Latte World's First Open Source Vincent Video DiT
Paper | Project Page
Project Introduction
With the successful release of Sora, the video DiT model has received a lot of attention and discussion. Designing stable ultra-large-scale neural networks has always been a research focus in the field of visual generation. The success of DiT has made it possible to scale image generation. Latte (Latent Diffusion Transformer for Video Generation) is an innovative model for video generation that was open sourced in November 2023. As the world's first open source video DiT, Latte has achieved promising results.

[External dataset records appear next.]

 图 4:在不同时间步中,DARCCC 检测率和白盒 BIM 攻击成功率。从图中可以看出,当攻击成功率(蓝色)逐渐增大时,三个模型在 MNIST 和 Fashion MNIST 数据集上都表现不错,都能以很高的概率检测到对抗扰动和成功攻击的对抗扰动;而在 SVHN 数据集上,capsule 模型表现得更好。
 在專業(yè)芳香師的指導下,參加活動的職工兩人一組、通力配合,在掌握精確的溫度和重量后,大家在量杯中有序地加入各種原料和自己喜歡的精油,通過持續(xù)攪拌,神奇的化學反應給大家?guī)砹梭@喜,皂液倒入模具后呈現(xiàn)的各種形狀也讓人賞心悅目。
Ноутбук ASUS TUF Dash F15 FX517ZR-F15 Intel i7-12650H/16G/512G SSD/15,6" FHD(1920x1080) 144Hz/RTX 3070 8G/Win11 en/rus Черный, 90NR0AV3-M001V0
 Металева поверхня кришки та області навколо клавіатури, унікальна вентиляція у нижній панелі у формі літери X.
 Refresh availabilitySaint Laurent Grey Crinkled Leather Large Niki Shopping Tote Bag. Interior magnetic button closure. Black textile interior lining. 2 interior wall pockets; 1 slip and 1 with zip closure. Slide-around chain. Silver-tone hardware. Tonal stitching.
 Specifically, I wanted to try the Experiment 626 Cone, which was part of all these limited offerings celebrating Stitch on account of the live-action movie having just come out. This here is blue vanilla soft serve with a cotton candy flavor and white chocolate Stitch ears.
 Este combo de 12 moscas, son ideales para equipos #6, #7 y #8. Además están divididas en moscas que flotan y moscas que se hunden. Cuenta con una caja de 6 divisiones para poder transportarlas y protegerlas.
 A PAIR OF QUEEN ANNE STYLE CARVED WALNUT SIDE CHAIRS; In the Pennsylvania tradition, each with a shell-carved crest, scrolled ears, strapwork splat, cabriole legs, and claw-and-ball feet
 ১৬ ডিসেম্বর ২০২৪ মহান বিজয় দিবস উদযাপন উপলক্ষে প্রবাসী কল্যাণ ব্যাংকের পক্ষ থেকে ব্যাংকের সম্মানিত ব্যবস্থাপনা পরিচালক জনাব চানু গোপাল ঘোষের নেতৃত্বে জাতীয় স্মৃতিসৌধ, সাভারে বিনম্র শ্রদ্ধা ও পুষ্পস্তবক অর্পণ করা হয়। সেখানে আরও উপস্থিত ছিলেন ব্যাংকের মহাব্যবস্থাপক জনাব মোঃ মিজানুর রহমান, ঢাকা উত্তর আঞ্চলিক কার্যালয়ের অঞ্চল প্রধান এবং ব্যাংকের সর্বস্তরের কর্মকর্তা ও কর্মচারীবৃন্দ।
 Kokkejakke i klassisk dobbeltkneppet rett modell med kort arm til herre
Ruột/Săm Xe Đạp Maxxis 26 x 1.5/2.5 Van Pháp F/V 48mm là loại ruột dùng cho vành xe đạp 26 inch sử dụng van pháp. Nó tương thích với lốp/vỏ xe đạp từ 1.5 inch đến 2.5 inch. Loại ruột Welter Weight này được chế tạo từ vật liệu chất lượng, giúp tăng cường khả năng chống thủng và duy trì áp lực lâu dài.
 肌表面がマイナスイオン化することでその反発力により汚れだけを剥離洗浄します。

This tutorial demonstrates the effect implementation of the Latte project.
Effect display

Tutorial
Customized text-to-video generation using Latte
1. Clone the container and run
2. Open the workspace and set the text prompt
Open the configuration file on the left home/Latte/configs/t2v/t2v_sample.yaml
, double-click to open, modify the text under text_prompt, this article has given relevant examples, as shown below. ctrl+S
save.

3. Generate Video
Open a terminal and type:cd Latte/
Change directory,
Type in the terminal:bash sample/t2v.sh
Generate high-definition video, wait for the program to finish running, and then Latte/sample_videos
The generated results are in the directory, t2v_0000-.mp4 is the total video of the prompt text, and other .mp4 files are the videos generated by a single prompt.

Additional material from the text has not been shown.